#### [Raw data]
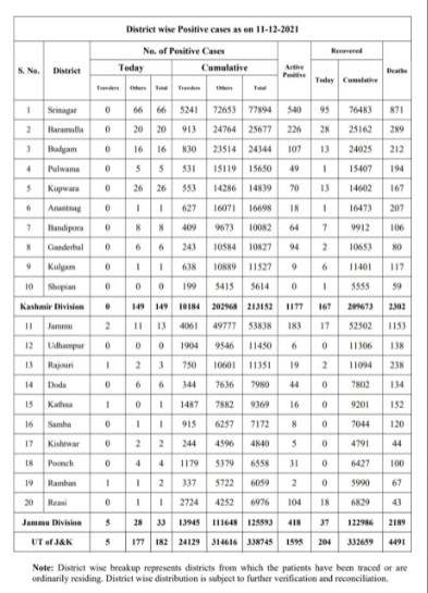 Of 182 fresh cases, Jammu Division reported 33 and Kashmir valley report 149, The death include 0 from Jammu division 01 from Kashmir valley.
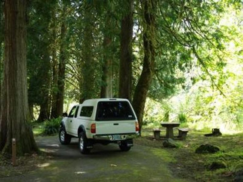 Tower Rock Campground is named for the impressive rock pillar that looms nearby and offers 20 semi-private sites shaded by a mix of cedar, Douglas fir, and maple. Located in the Cispus Valley near the south bank of the Cispus River, the campground sits on the east side of Mount St. Helens with terrain that is mostly open meadow surrounded by hillsides and mountains. The campground is easily accessed via paved Forest Roads 23 and 76 and is located near the Cispus Environmental Learning Center. Anglers can cast for brook trout in the nearby Cispus River, and a privately-owned trout pond also offers fishing opportunities. The Burley Mountain trailhead is located about 4 miles from the Highway 23 intersection off Forest Road 28, providing access to multiple waterfalls including Angel Falls. Tower Rock serves as a convenient base for exploring Mount St. Helens and nearby attractions like Layser Cave Interpretive Site. The campground is managed by a concessionaire and can accommodate RVs up to 30 feet in length, with paved parking spurs at most sites.
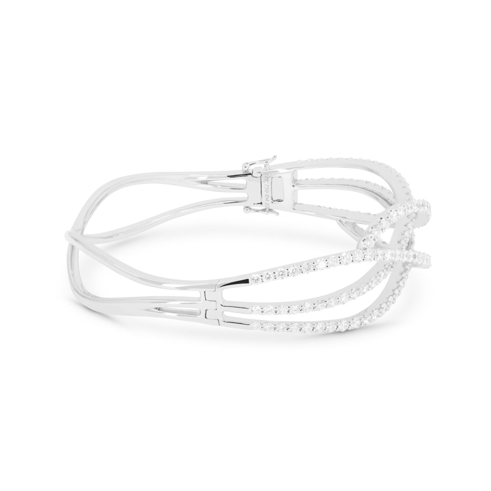 Beautiful Hand Crafted 14K White Gold White Diamond Milano Collection Bangle
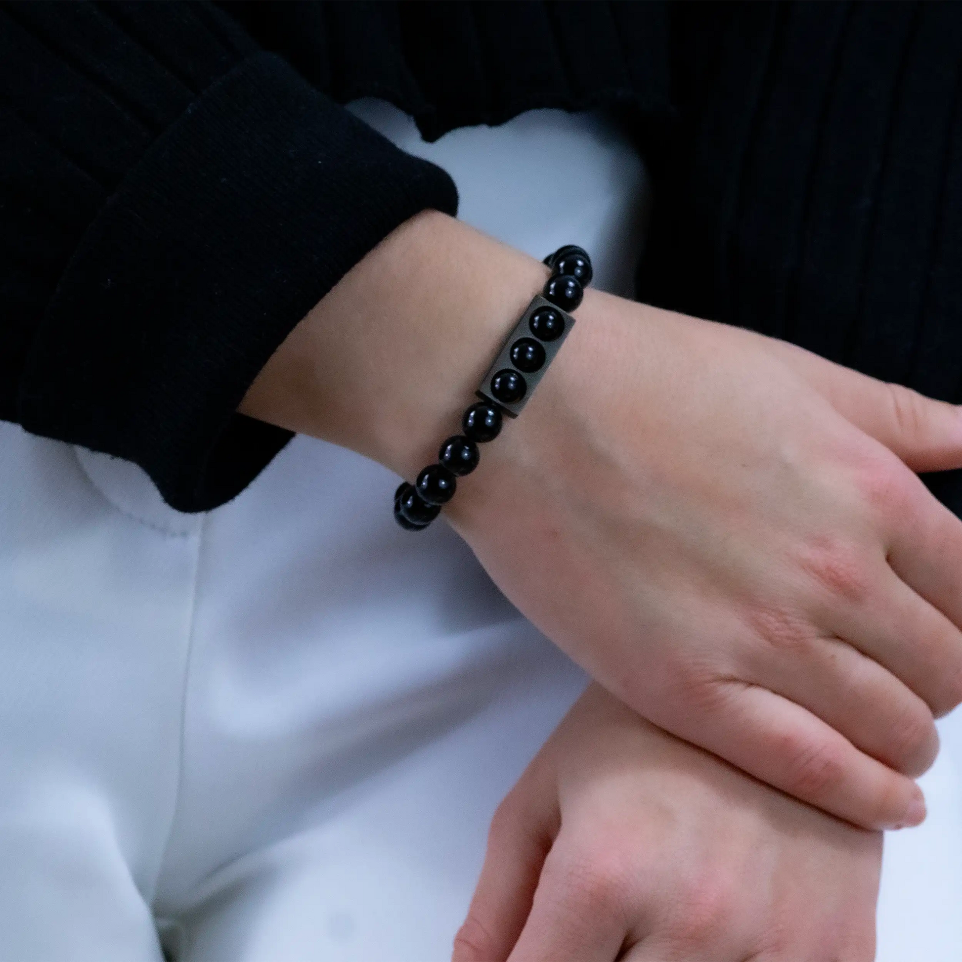 Bracelet extensible Onyx en acier inoxydable couleur noire.
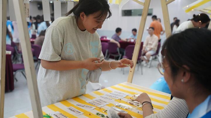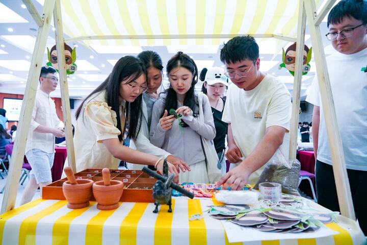 “岐黄手作·指尖国医”:最受学生热捧的当属文创实践区,文创区内艾叶薄荷香囊、UV胶封存药材书签、中药耳饰等创意作品琳琅满目。生物制药专业学生亲手研磨药材制作合香珠手串,将佩兰、丁香等草药转化为时尚配饰。“原来中医可以这么‘潮’!”参与香囊制作的学生感叹。
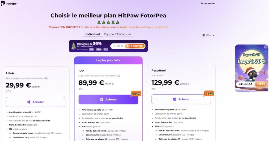 Actuellement, HitPaw FotorPea organise une promotion de Noël. En entrant le code promo HP-CMNC-30, vous pouvez bénéficier d’une réduction allant jusqu’à 30% sur tous les plans d’abonnement ! Ne manquez pas cette occasion et abonnez-vous maintenant pour profiter de ces réductions.

#### [Task item]
Please print everything in the material exactly, apart from the pictures.

#### [Response area]
 Of 182 fresh cases, Jammu Division reported 33 and Kashmir valley report 149, The death include 0 from Jammu division 01 from Kashmir valley.
 Tower Rock Campground is named for the impressive rock pillar that looms nearby and offers 20 semi-private sites shaded by a mix of cedar, Douglas fir, and maple. Located in the Cispus Valley near the south bank of the Cispus River, the campground sits on the east side of Mount St. Helens with terrain that is mostly open meadow surrounded by hillsides and mountains. The campground is easily accessed via paved Forest Roads 23 and 76 and is located near the Cispus Environmental Learning Center. Anglers can cast for brook trout in the nearby Cispus River, and a privately-owned trout pond also offers fishing opportunities. The Burley Mountain trailhead is located about 4 miles from the Highway 23 intersection off Forest Road 28, providing access to multiple waterfalls including Angel Falls. Tower Rock serves as a convenient base for exploring Mount St. Helens and nearby attractions like Layser Cave Interpretive Site. The campground is managed by a concessionaire and can accommodate RVs up to 30 feet in length, with paved parking spurs at most sites.
 Beautiful Hand Crafted 14K White Gold White Diamond Milano Collection Bangle
 Bracelet extensible Onyx en acier inoxydable couleur noire.
 “岐黄手作·指尖国医”:最受学生热捧的当属文创实践区,文创区内艾叶薄荷香囊、UV胶封存药材书签、中药耳饰等创意作品琳琅满目。生物制药专业学生亲手研磨药材制作合香珠手串,将佩兰、丁香等草药转化为时尚配饰。“原来中医可以这么‘潮’!”参与香囊制作的学生感叹。
 Actuellement, HitPaw FotorPea organise une promotion de Noël. En entrant le code promo HP-CMNC-30, vous pouvez bénéficier d’une réduction allant jusqu’à 30% sur tous les plans d’abonnement ! Ne manquez pas cette occasion et abonnez-vous maintenant pour profiter de ces réductions.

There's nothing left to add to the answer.